Spotting ‘apples and oranges’ problems in data

The data comes from the School workforce in England dataset — specifically a file called ‘workforce_teacher_characteristics_2010_2024_nat_reg_la.csv’ (there are multiple files in the dataset).

It measures a number of different things about the school workforce, including sex, ethnicity, age group and grade — and it provides classifications by different types of geography and time period. There are over 420,000 rows in that file.

A common approach when presented with such detailed data is to create a pivot table. This allows you to simplify the data by aggregating it into a table showing totals by a particular category. That’s how the table shown above was created.

In a pivot table, whatever measure you want to group by (in this case the sex of teachers) goes in the Rows area of the pivot table.

Whatever you want to total for each of those categories goes in the Values area of the pivot table (in this case there is a column called ‘headcount’ that we want to ‘sum’ for each sex)

And that’s what I did to get the data for the chart.

But because the ‘sex’ column in this data looks at different levels of categorisation, we need to make sure that we filter the data to remove non-comparable categories.

In a pivot table you can do that by using the dropdown menu at the top of your rows to remove any categories/rows not relevant to the analysis. In this case, removing the ‘Total’ category. If we update our chart with that data, it now looks like this:

Table showing headcount of teachers in the categories: female, male, unknown, plus a grand total of all three at the bottom — Note the dropdown next to Row Labels, which has been used to filter the rows to remove ‘Total’

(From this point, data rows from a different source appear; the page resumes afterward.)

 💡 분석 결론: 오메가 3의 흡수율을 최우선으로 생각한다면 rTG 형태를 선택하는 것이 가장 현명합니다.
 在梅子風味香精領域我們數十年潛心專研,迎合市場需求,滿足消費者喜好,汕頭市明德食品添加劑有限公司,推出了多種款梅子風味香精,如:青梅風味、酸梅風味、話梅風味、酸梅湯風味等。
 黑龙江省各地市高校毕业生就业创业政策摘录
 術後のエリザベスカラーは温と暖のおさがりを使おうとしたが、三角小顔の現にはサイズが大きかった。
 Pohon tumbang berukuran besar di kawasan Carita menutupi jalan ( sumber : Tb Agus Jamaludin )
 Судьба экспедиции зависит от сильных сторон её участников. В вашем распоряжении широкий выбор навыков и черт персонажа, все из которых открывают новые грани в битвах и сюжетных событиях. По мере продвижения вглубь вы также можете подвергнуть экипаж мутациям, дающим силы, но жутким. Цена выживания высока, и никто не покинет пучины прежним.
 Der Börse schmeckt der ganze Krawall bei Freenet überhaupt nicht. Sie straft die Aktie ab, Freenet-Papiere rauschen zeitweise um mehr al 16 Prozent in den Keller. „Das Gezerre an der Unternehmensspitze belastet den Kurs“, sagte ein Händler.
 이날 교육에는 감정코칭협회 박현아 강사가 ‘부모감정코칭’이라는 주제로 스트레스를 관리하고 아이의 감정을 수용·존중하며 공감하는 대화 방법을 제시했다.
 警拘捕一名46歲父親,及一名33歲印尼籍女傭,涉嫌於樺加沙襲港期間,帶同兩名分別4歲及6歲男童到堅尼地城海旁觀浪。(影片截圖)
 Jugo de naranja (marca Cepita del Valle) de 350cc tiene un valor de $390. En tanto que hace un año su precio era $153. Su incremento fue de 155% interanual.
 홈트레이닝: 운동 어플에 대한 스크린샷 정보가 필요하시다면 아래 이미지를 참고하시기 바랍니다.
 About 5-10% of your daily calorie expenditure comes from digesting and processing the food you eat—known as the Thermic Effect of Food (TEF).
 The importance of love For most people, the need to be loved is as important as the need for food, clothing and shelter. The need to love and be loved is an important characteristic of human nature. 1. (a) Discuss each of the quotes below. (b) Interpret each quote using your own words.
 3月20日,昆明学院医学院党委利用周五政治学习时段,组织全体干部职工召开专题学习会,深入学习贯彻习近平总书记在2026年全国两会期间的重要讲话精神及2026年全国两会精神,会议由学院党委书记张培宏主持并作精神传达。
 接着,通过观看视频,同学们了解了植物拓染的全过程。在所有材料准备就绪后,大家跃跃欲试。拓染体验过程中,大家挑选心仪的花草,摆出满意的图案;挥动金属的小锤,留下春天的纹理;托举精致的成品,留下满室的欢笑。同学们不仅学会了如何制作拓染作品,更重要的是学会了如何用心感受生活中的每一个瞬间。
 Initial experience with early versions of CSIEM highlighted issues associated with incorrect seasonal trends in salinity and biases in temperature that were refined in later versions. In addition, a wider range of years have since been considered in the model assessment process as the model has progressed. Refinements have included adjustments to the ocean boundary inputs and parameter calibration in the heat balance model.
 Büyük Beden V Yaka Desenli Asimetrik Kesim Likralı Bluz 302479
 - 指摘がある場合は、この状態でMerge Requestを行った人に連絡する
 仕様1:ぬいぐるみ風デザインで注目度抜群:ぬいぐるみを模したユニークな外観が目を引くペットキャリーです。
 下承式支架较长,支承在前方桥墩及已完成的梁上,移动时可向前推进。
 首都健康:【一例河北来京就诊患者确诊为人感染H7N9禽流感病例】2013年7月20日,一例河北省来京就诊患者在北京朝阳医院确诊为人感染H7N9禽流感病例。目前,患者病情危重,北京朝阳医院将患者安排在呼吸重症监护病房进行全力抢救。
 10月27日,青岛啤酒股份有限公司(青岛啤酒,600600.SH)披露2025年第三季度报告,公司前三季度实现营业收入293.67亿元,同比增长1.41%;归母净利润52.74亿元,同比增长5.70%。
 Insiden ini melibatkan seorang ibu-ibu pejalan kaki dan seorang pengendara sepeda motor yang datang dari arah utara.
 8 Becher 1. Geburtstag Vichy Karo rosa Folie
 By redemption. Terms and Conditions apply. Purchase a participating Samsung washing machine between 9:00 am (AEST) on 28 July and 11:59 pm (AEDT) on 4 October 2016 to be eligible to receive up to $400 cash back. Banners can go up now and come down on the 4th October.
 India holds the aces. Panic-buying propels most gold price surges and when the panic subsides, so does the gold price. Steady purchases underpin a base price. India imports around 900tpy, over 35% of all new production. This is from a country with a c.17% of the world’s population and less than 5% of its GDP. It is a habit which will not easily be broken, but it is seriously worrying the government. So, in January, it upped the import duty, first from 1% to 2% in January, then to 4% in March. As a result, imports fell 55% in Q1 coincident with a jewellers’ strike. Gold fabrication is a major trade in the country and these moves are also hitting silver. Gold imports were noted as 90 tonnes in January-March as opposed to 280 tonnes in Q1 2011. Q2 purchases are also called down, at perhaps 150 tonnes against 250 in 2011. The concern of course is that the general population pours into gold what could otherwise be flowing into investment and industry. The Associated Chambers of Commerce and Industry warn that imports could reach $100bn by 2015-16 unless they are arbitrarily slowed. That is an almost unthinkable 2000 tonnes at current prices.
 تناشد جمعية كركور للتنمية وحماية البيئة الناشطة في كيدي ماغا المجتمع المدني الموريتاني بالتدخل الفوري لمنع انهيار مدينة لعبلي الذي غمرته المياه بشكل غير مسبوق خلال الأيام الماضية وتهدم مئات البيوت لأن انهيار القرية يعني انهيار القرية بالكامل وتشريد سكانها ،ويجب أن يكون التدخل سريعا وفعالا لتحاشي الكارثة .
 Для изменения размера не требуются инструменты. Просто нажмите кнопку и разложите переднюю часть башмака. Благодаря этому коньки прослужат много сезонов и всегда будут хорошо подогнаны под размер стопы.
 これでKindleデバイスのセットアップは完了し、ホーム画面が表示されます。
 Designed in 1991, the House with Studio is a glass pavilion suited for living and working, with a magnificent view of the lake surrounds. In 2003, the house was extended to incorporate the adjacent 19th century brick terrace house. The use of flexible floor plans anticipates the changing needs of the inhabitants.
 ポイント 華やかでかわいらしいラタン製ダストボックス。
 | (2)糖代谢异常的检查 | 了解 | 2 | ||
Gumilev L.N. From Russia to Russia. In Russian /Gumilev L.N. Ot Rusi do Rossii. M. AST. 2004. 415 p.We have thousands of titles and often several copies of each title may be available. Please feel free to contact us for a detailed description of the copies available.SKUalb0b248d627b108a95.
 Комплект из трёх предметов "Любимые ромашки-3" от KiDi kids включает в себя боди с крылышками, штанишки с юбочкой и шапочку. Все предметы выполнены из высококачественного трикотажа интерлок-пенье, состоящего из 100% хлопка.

When the chart is updated with the new filtered data, it looks like this:

Pie chart: Sex of teachers in UK schools
There are two visible slices: male (just under a quarter) and female (three quarters). The number of female teachers is 349,218,274

Counting across multiple measures

It doesn’t look so obviously problematic — but look at the figures and ask yourself if they seem credible to you.

According to the chart, there are almost 350 million female teachers in UK schools.

To put that into context, consider (or find out) what the entire UK population is.

Spoiler alert: it’s less than 350 million people. So it’s impossible for there to be that many teachers.

What’s happening here? It’s another red flag that there is probably more double counting that we need to fix.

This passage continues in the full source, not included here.